ギャバンのメグレ・シリーズでは、以前『殺人鬼に罠をかけろ』(58年。監督:ジャン・ドラノワ)も観て、面白かったのですが、これもフィルム・ノワールの雰囲気は薄いものの、実に面白い作品であることに変わりありません。
なんといっても、ジャン・ギャバンの存在感に尽きます。
のっさのっさ歩いている後姿を観るだけで、もう満足なのですが、とりわけ、子供の頃通った駄菓子屋(?)に入って、顔見知りのおばちゃんに「キャラメルが欲しい」というシーンの面白さったらなかったですね。

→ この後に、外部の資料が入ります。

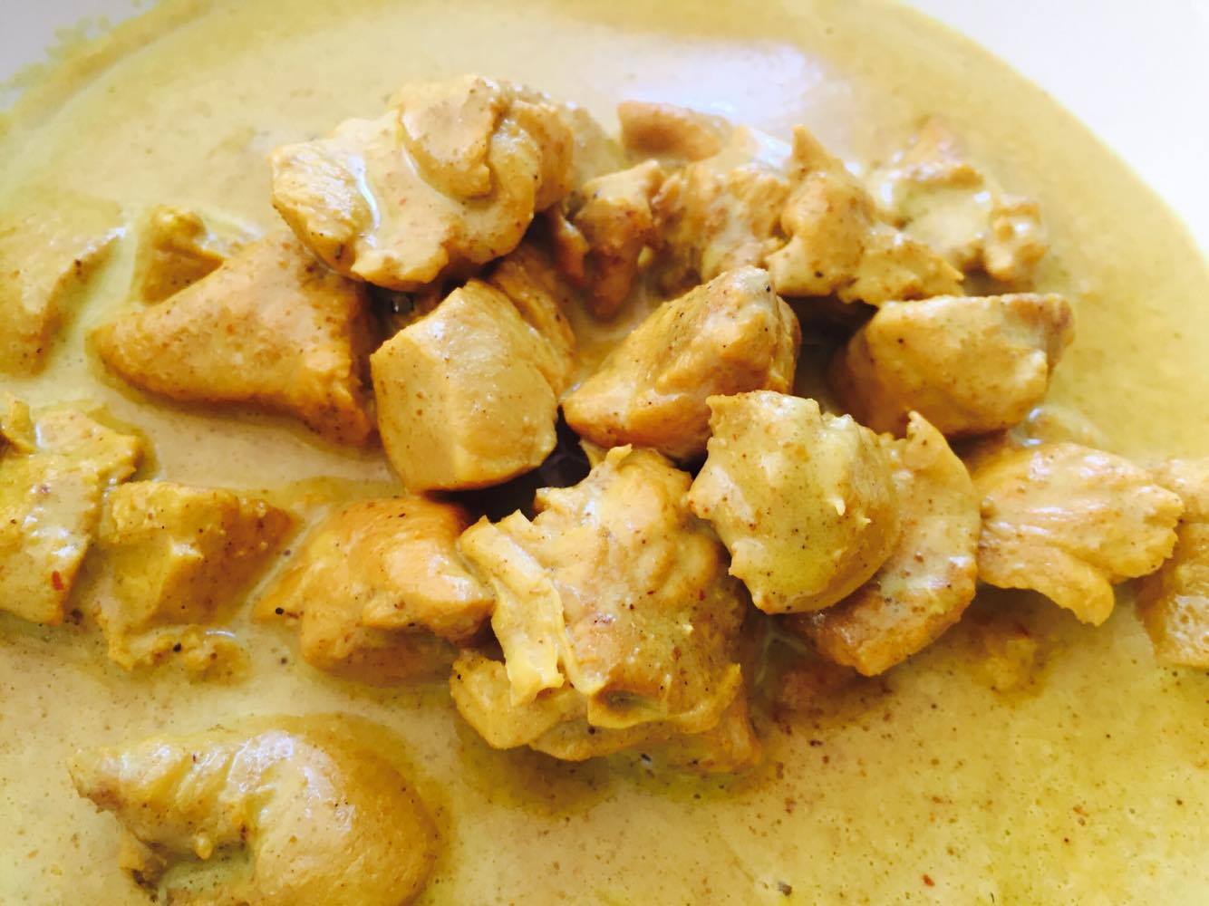 3.Aggiungete il curry e tre cucchiai di brodo di pollo e fate cucinare a fuoco basso
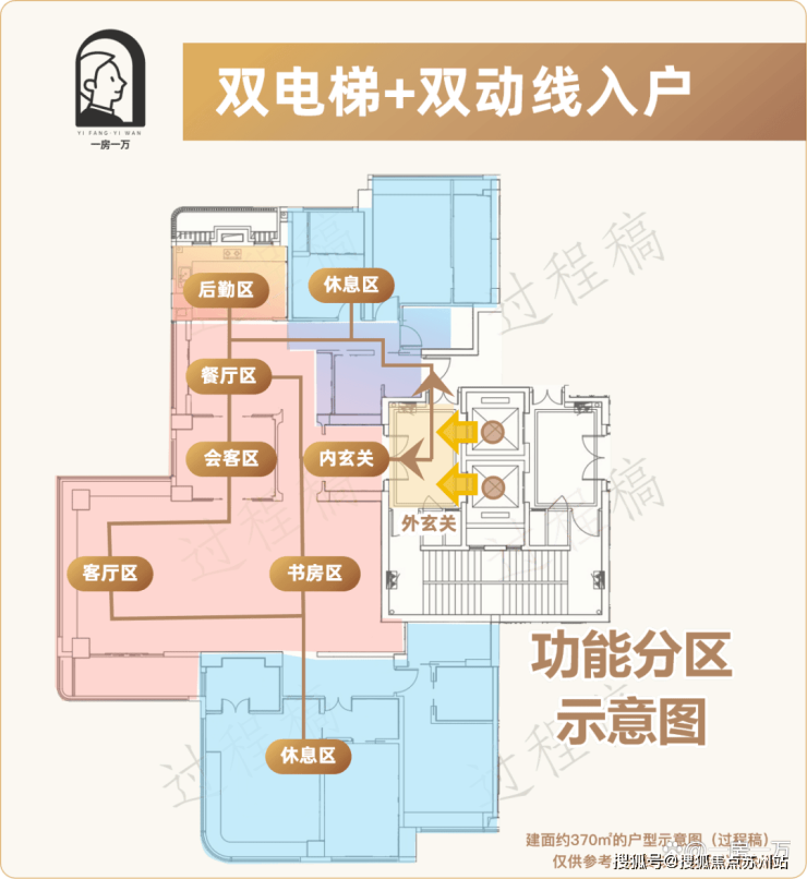 对于一层两户布局,配备两部电梯双开门有独立每一户都有独立的外玄关,让进入空间的主人和客人实现无干扰入户,并且设置了入户双动线,极致保护了隐私。

脇の俳優も、一癖も二癖もある連中が揃って、見応えがあります。
映画作品としての出来栄えは、『殺人鬼に罠をかけろ』の方が上のような気もしますが、この作品も謎解きの面白さに最後まで惹きつけられる作品です。
その肝心の謎解きがよく分からないような気もしましたが、私も理解不足かもしれません。
最近観た映画というわけではありませんが、仏フィルム・ノワールの傑作『男の争い』『DU RIFIFI CHEZ LES HOMMES』(55)を紹介したいと思います。(ネタバレは極力避けています)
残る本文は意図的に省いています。